2024-05-01T11:55:50Z esxupdate: 44000081: root: ERROR: vmware.esximage.Errors.LiveInstallationError: VMware_bootbank_nsxcli_3.1.3.7.4-7.0.19761813: VMware_bootbank_nsxcli_3.1.3.7.4-7.0.19761813: Failed to unmount tardisk nsxcli.v00 of VIB VMware_bootbank_nsxcli_3.1.3.7.4-7.0.19761813: Error in running [rm /tardisks/nsxcli.v00]:
2024-05-01T11:55:50Z esxupdate: 44000081: root: ERROR: Return code: 1
2024-05-01T11:55:50Z esxupdate: 44000081: root: ERROR: Output: rm: can't remove '/tardisks/nsxcli.v00': Device or resource busy
2024-05-01T11:55:50Z esxupdate: 44000081: root: ERROR:
2024-05-01T11:55:50Z esxupdate: 44000081: root: ERROR: It is not safe to continue. Please reboot the host immediately to discard the unfinished update.
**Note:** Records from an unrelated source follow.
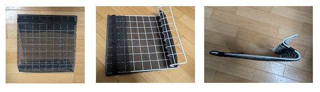 材料:「滑り止めシート(200円程度)」、「ダイソー・べんりベルト4本入り(110円)」、「ダイソー・PEワイヤーネット 44×29.5cm(110円)」
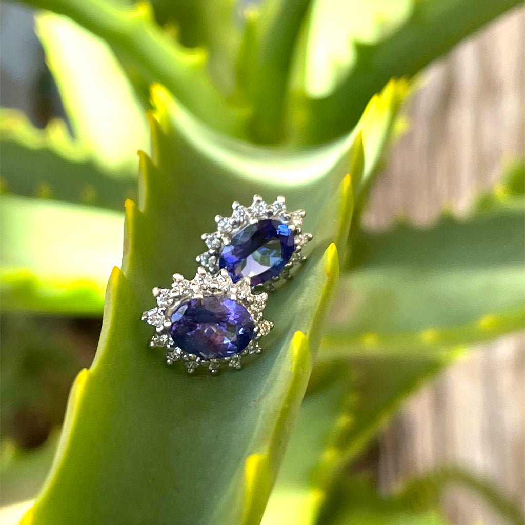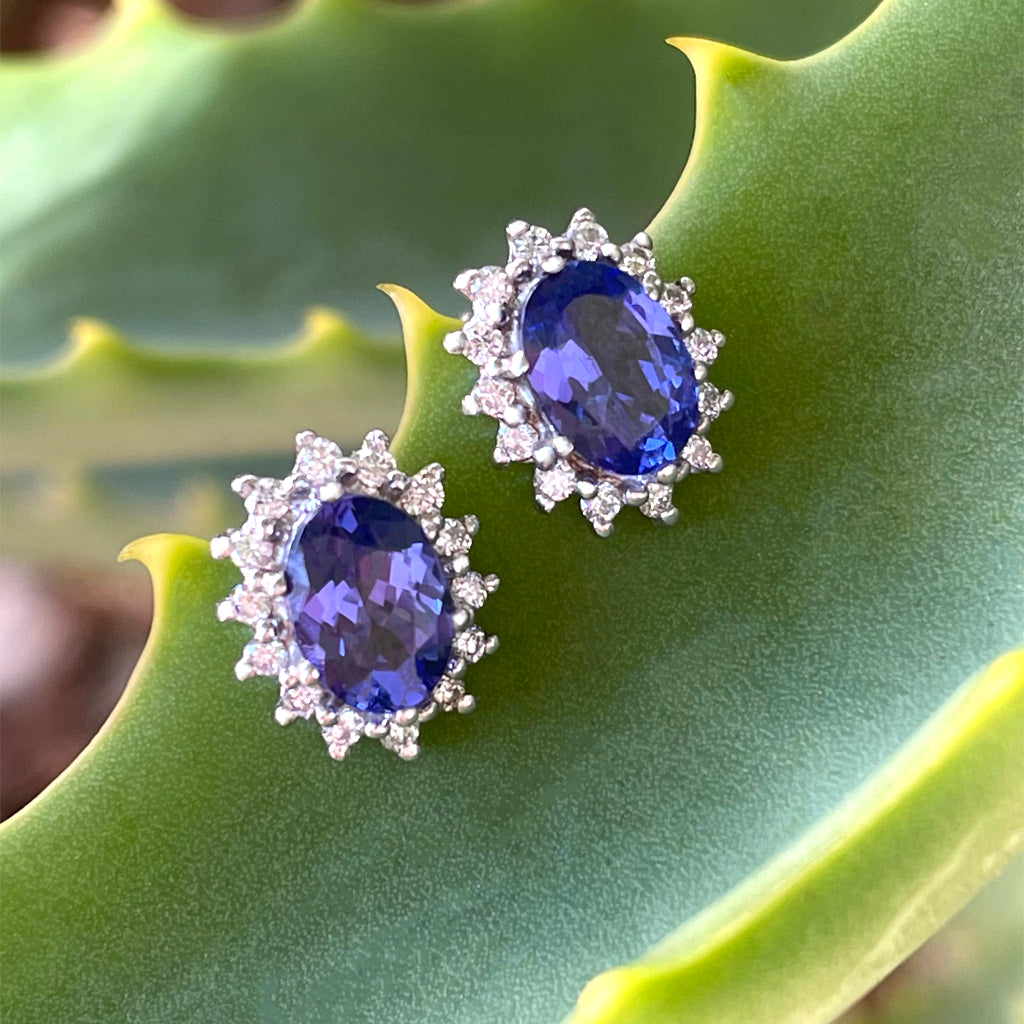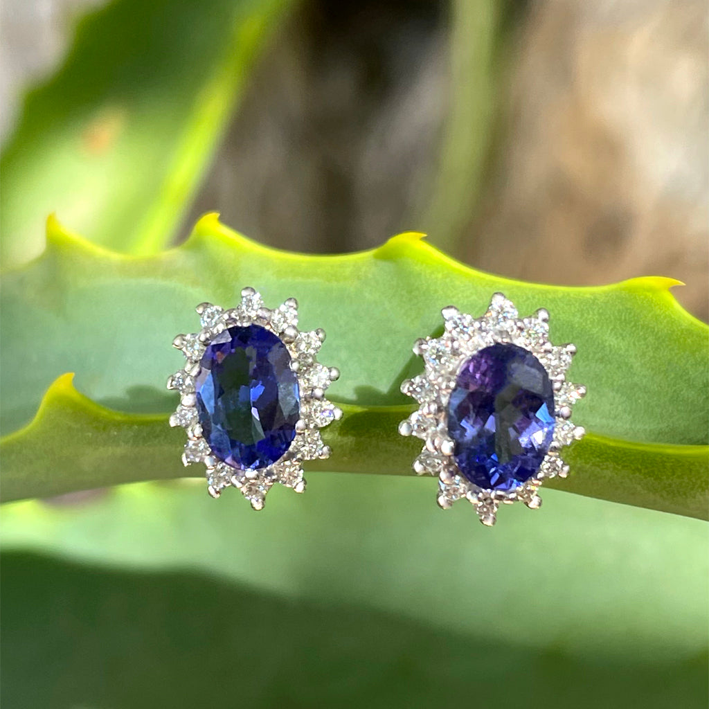 The passionate blue-violet hue of tanzanite draws the eye in these lavish studs crafted in luxurious white gold. A regal halo of sparking white diamonds surround the exquisite gemstones in a nod to the opulence of royal adornments through the ages.
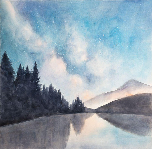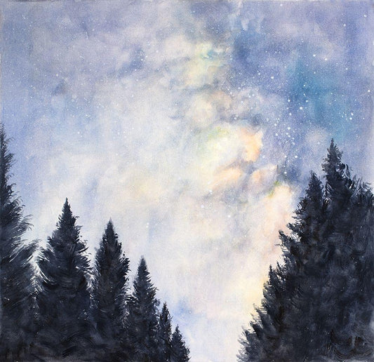 STARRY SKY IN A DARK FOREST White Modern Wood Framed Art Print with Double Matting by Atelier B Art Studio
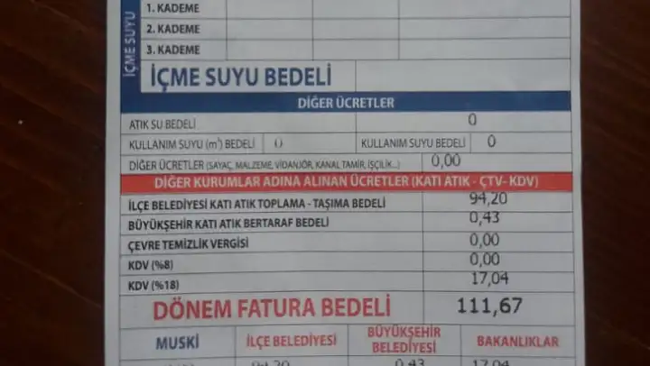 MUSKİ tarafından işletmeye sayaç okunmadan gönderilen faturaya, atık su, kullanım suyu ve çevre temizlik vergisi bedelleri yansıtılmazken, ilçe belediyesi katı atık toplama, taşıma bedeli olarak 94,20 lira, büyükşehir katı atık bertaraf bedeli olarak 43 kuruş ve KDV olarak 17,04 lira yansıtıldı.
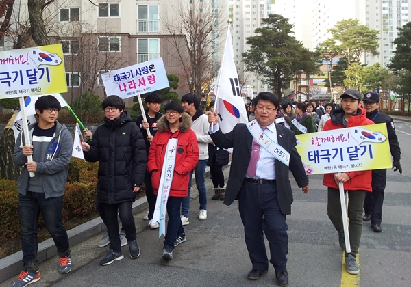 매탄1동 주민센터 관계자에 따르면 주민들의 태극기달기운동 참여를 이끌어 내기 위해 태극기달기 홍보 방송을 하고 있고, 오는 3․1절까지 단체원, 청소년들이 함께하는 태극기달기 운동 거리 캠페인을 집중적으로 펼질 예정이다.
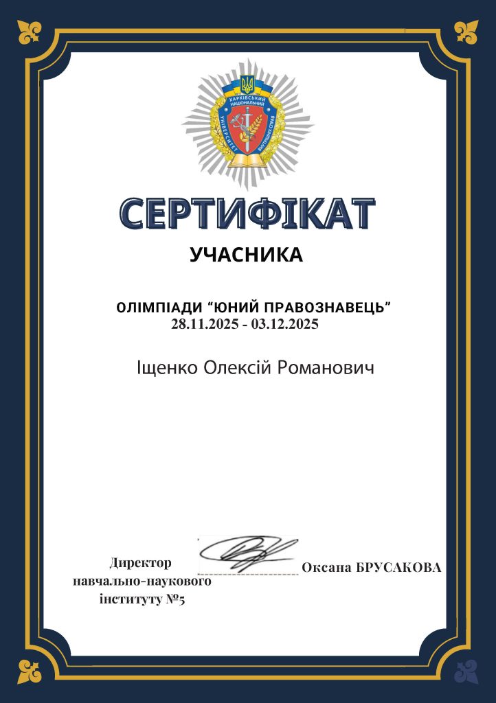 Щиро вітаємо Іщенка Олексія, учасника олімпіади з правознавства!
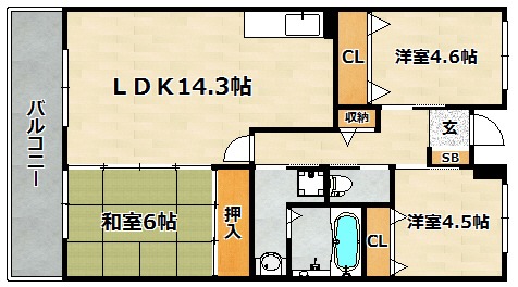 洋室 4.6畳 和室 6畳 LDK 14.3畳 |
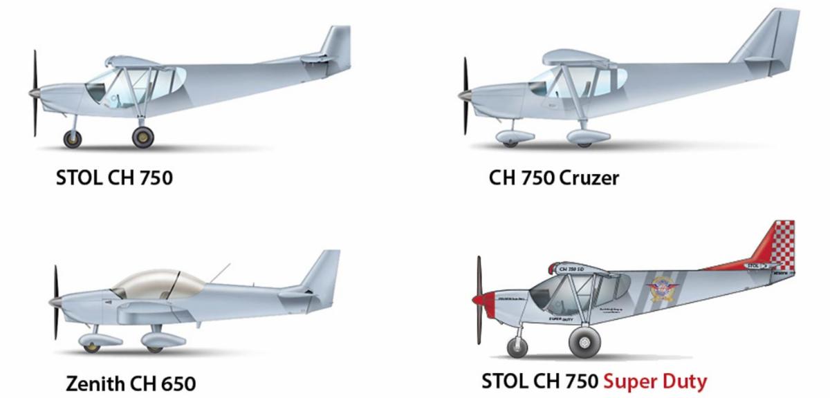 | | A decade later, Zenith introduced the CH 750 Cruzer, a faster “on-airport” companion to the original STOL version. All CH 750 models share a roomy side-by-side cabin, excellent visibility, responsive handling, and durable tricycle-gear configuration - features that make them ideal for recreational sport pilots. | | It is important to note that increasing the weight and/or speed of any aircraft decreases its strength (under load, weight or aerodynamic) and that builders, owners and pilots need to respect all of the design limitations of the aircraft. | | The newest CH 750 variant is the STOL CH 750 Super Duty, which now falls under the new definition of a Light Sport Aircraft despite its 1,900 lbs gross weight. It features a rear third jump seat, bigger wheels and increased load carrying capability thanks to larger wings and more power. | | |
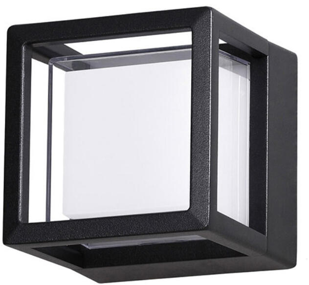 Modern stílusú, fekete, szögletes kültéri fali lámpa akril búrával. Meleg fehér fényű, beépített LED fényforrást tartalmaz, mely nem cserélhető. IP54-es védelemmel rendelkezik, ami fröccsenő víz és por elleni védelmet jelent. Színvisszaadási indexe 80. Specifikációk:Gyártó: Nova Luce Cikkszám:: NL-9207616 Foglalat: 1 x Beépített LED Méret (ma x sz x mé): 110 x 110
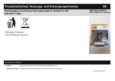 Titel: | Bremsbeläge vorne Bremse brake pads passt an Yamaha Fzr 600 1000 90-91 V-Max |
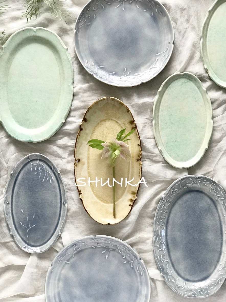 爽やかな薄浅葱(うすあさぎ)色の稜花オーバルプレートなど、
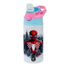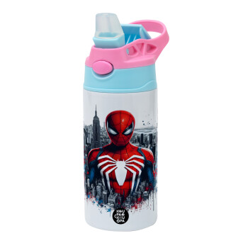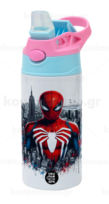 Spiderman City, Children's hot water bottle, stainless steel, with safety straw, Pink/BlueCiel (360ml) BPA FREE
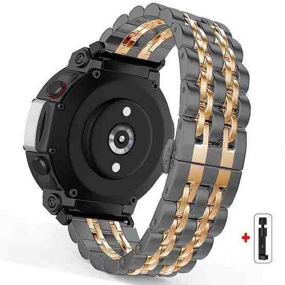 For Amazfit T-Rex 3 Seven Beads Butterfly Buckle Stainless Steel Watch Band(Black Rose Gold)
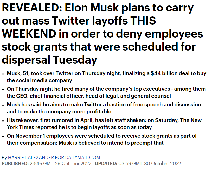 “Obviously, myself and other investors are obviously overpaying for Twitter right now.” Musk in Tesla earnings call, October 19, 2022 (source)
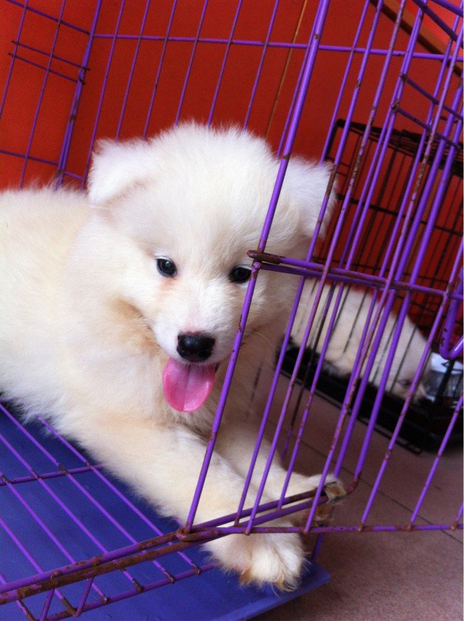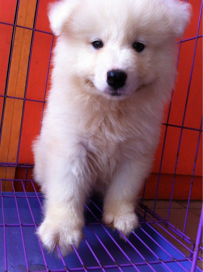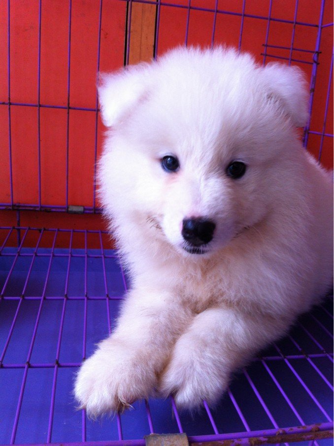 这狗狗是萨摩耶,但是品相不是很好,嘴巴太尖太长,眼睛不是杏仁眼,毛量不够,骨架马马虎虎!
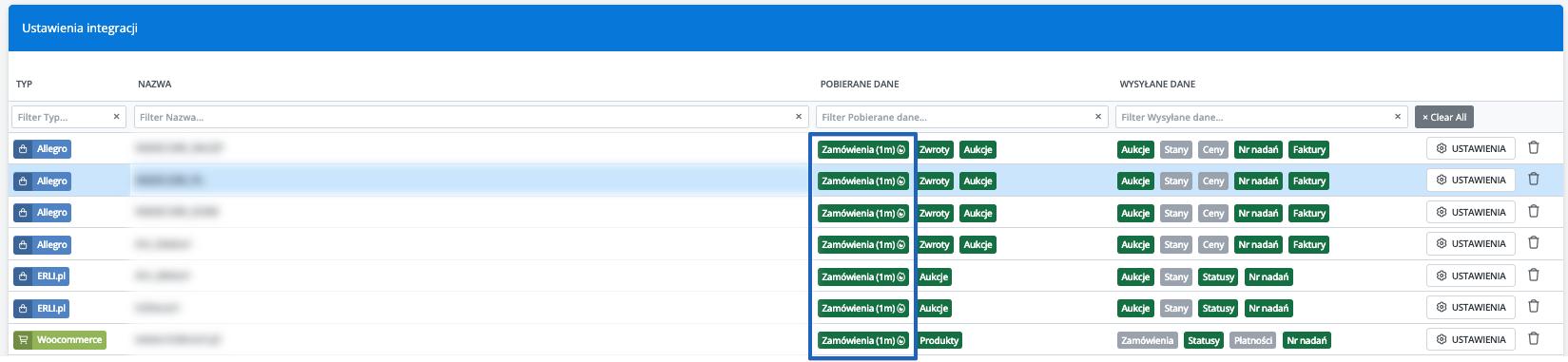 Zamówienia ze sklepu oraz pozostałych platform marketplace (podłączonych przez API) domyślnie pobierane są co 10 minut, jednak w dowolnym momencie możesz pobrać zamówienia ręcznie (dział Integracje → sekcja Ustawienia Integracji → kolumna Pobierane dane → przycisk Zamówienia).

The failure in vdr-pre-upgrade is not a real issue. It is an expected behavior because a previous upgrade failure (due to execution of nsxcli command during upgrade) had rendered the host in an inconsistent state. When nsxcli vib remove failed, a reboot should be done before retrying upgrade. There was no reboot of the host performed after this and upgrade was retried. This caused the vdr-pre-upgrade to fail and caused the error.
Please make sure that no nsxcli session is active/nsxcli commands are not running during upgrade on the host(s).
Verify the Process ID (PID) for nsxcli using "ps" command :
ps | grep -i "nsxcli"
Kill the running "nsxcli" service using "kill" command :
kill <service_pid>
Then reboot the host and ensure again no nsxcli session is active nor executed before upgrade is attempted.